AirPeace CEO Warns: New Tax Reforms Could Skyrocket Domestic Airfares to ₦1.7 Million, Risk Airline Collapse



Clarion Newschannel – Lagos, December 29, 2025

Allen Onyema, Chairman and Chief Executive Officer of Air Peace, has raised serious concerns about the impending implementation of Nigeria’s new tax reform laws, set to take effect from January 2026, warning that they could drive domestic airfares as high as ₦1.7 million and potentially collapse local airlines within three months.
Speaking in an interview on Arise Television on Sunday, Onyema highlighted the cumulative impact of multiple taxes, levies, and charges already burdening the aviation sector. He specifically pointed to the reintroduction of 7.5% Value Added Tax (VAT) on air ticket fares, aircraft imports, engines, and spare parts—a reversal of previous exemptions—as a major threat.
“According to ICAO [International Civil Aviation Organisation], you are not supposed to go into revenue generating for government. It should be cost recovery,” Onyema stated, adding that Nigeria’s practices, including charging VAT on tickets, deviate from global standards that emphasize cost recovery over revenue generation in aviation.
Onyema explained that airlines retain only a fraction of ticket revenue due to existing deductions. For instance, from a ₦350,000 ticket, operators might keep as little as ₦81,000 after mandatory charges like the 5% Ticket Sales Charge to the Nigerian Civil Aviation Authority (NCAA) and other levies. “We are suffering multiple taxation, multiple charges… Almost 65 to 70 percent of that money is not coming to the airlines,” he said.
The new reforms, embedded in the Nigeria Tax Act 2025 signed by President Bola Tinubu earlier this year, remove longstanding VAT exemptions on commercial aircraft, parts, and passenger tickets. Onyema argued that adding 7.5% VAT directly to fares would force sharp price increases to cover costs, warning: “With 7.5 percent on ticket fares, ticket fares will hit ₦1.7 million soon.”
He further cautioned that the financial strain—compounded by high bank interest rates of 30-35% on loans for aircraft purchases—could ground domestic carriers, reduce passenger demand, and trigger broader economic fallout, including impacts on banks and jobs.

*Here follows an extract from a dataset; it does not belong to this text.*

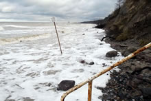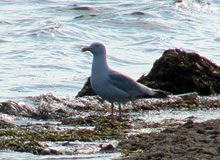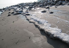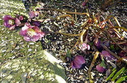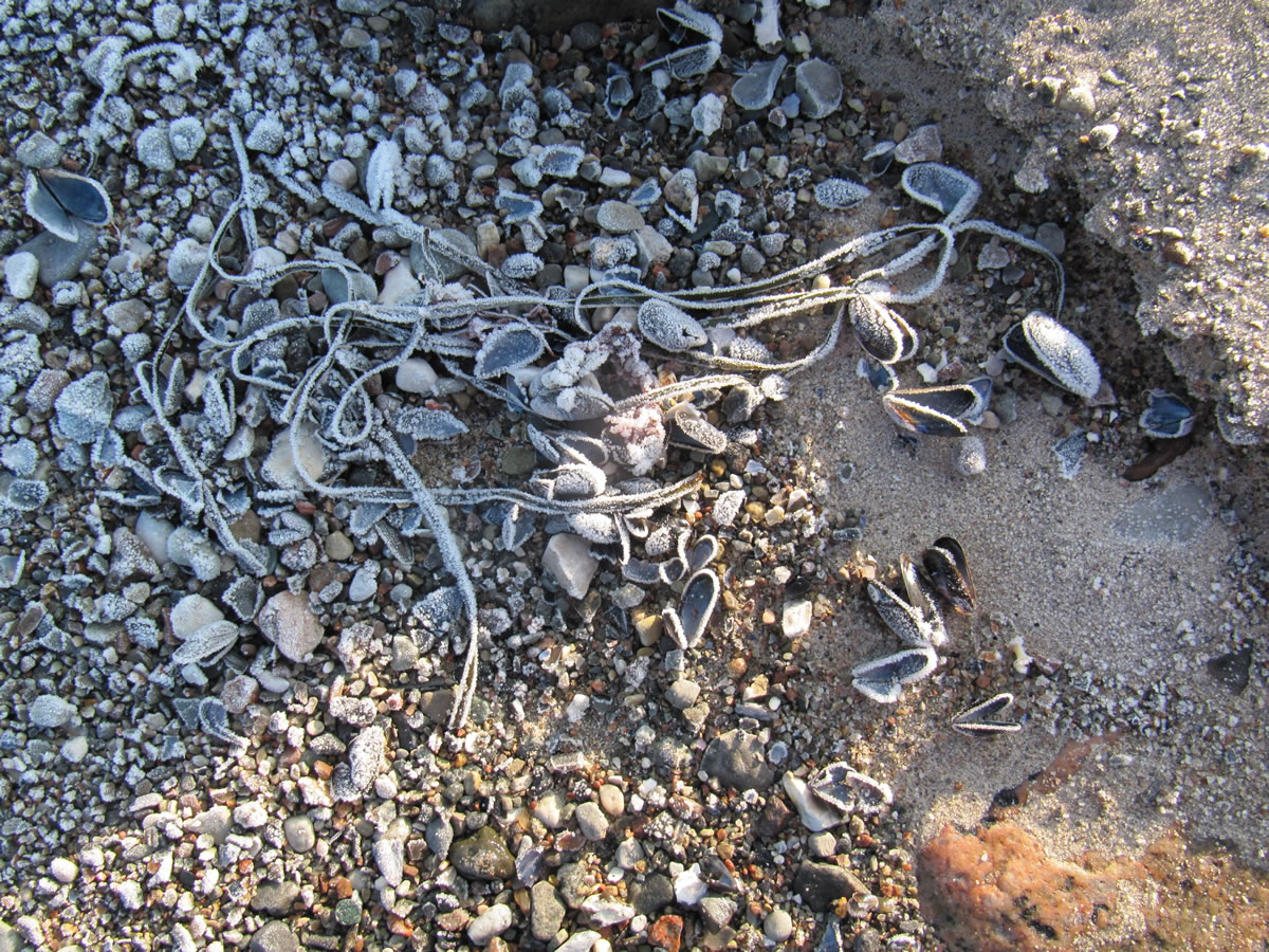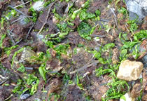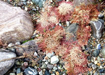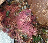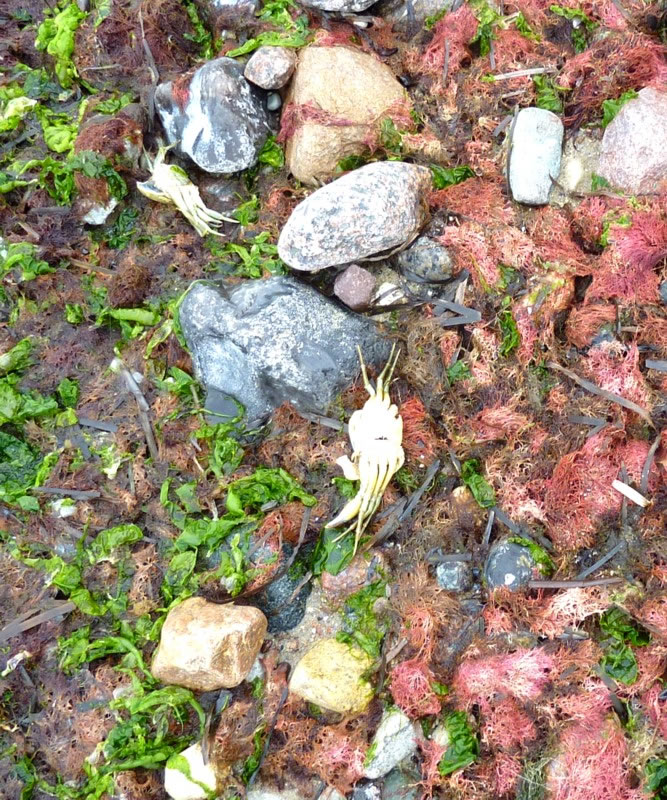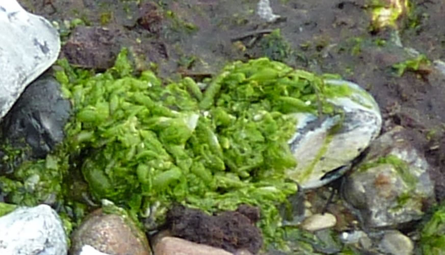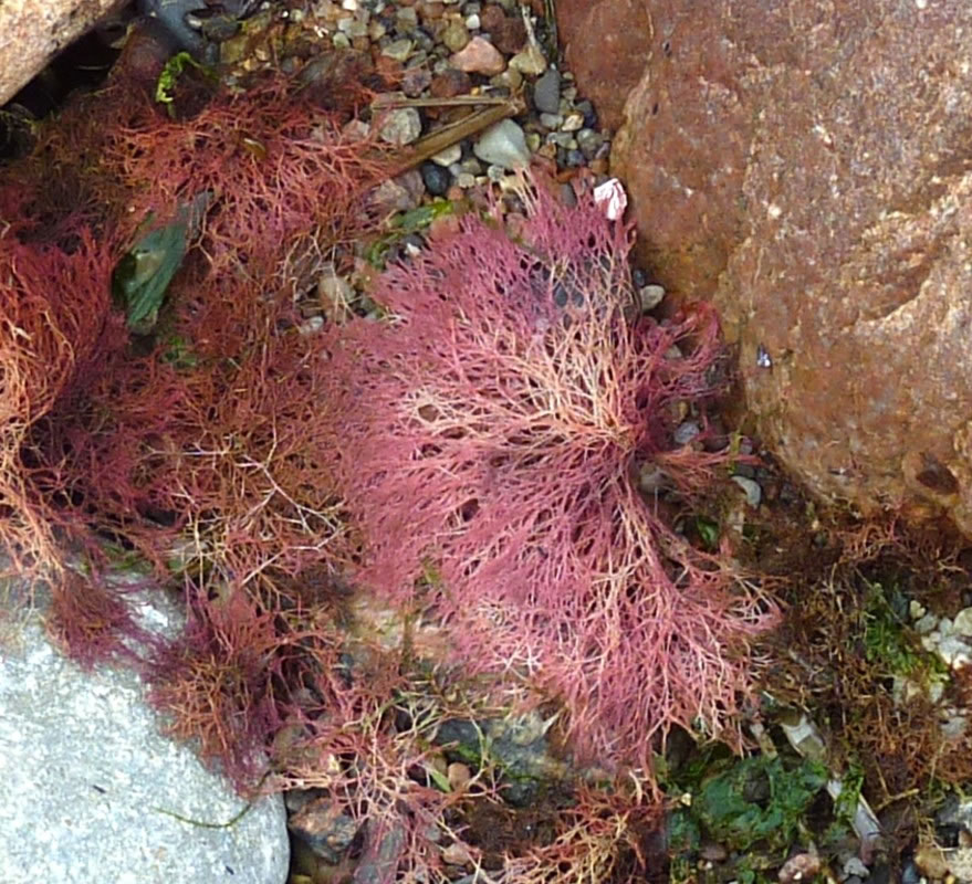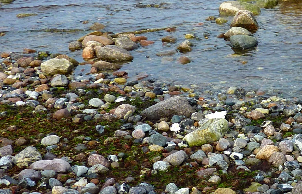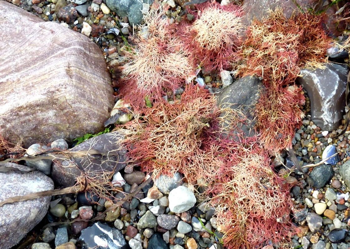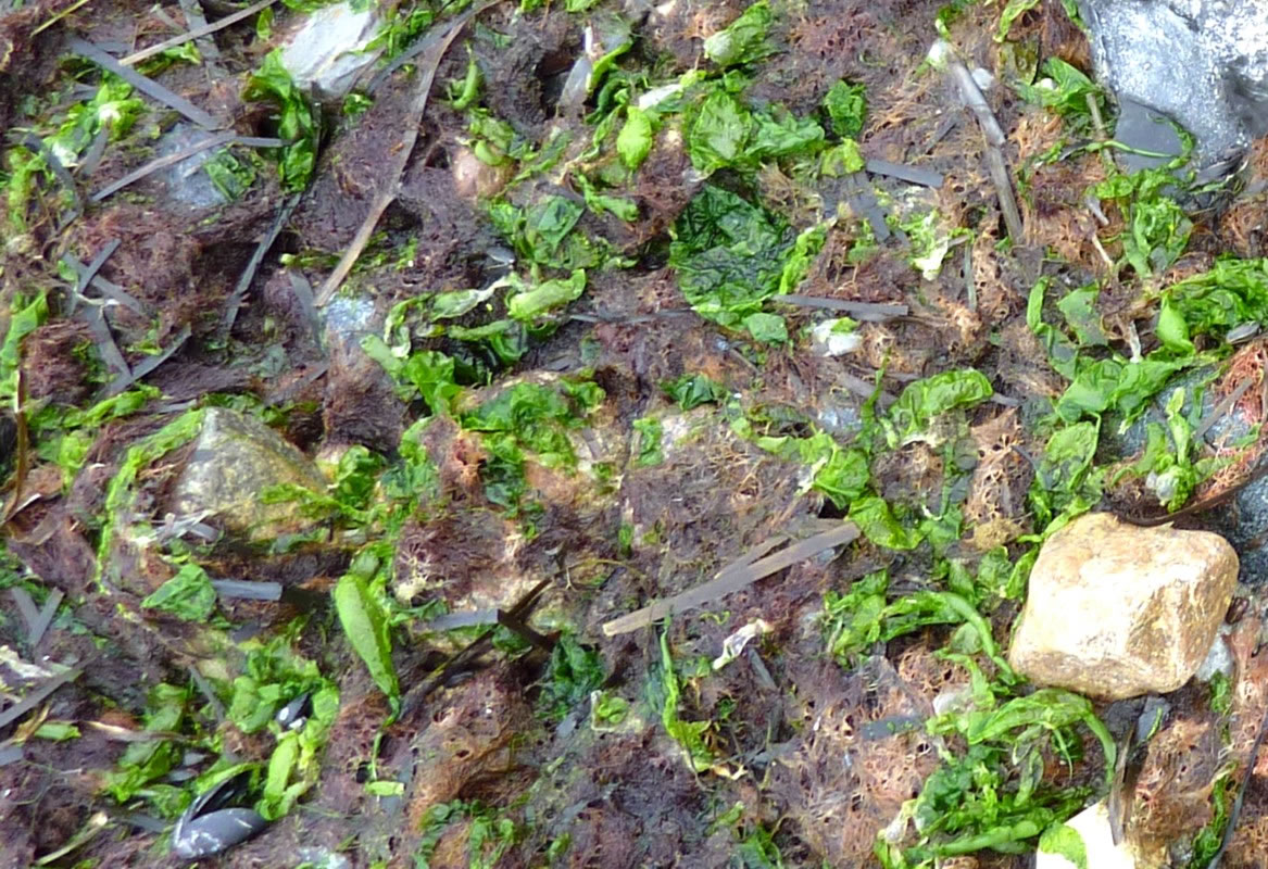 Dat müssen wi uns doch wat genauer ankieken. "Dat is wieder nix as frisches Seegras", meen mien Mann. Ik heff dat aver genauer ünnersööcht. De düsterroden Planten weern ganz besünners smuck. As ganz fines un zortes Astwark legen de dor dicht an dicht in den Sand. Dorvör, noch meist in't Water, legen mank de Steen gröne Planten. De erinnern mi an frischen Salat.

Despite the challenges, Onyema noted that current domestic fares remain relatively low globally when adjusted for operational realities, with entry-level tickets still available from around ₦125,000 to ₦150,000 on some routes. However, festive periods like Christmas have seen spikes due to demand and one-way traffic patterns, particularly on Southeast routes where return flights often operate nearly empty.
The Airline Operators of Nigeria (AON) have repeatedly engaged the National Assembly and tax authorities on these issues, seeking reviews to prevent sector-wide disruption. Onyema expressed hope for government intervention but stressed the urgency: “If we implement that tax reform, Nigerian airlines will go down in three months.”
The Nigerian Civil Aviation Authority (NCAA) has pushed back on some claims of excessive taxation driving recent fare hikes, attributing increases to market forces like demand and supply during peak seasons.
As the January 2026 deadline approaches, stakeholders await potential amendments to balance fiscal goals with the sustainability of Nigeria’s aviation industry.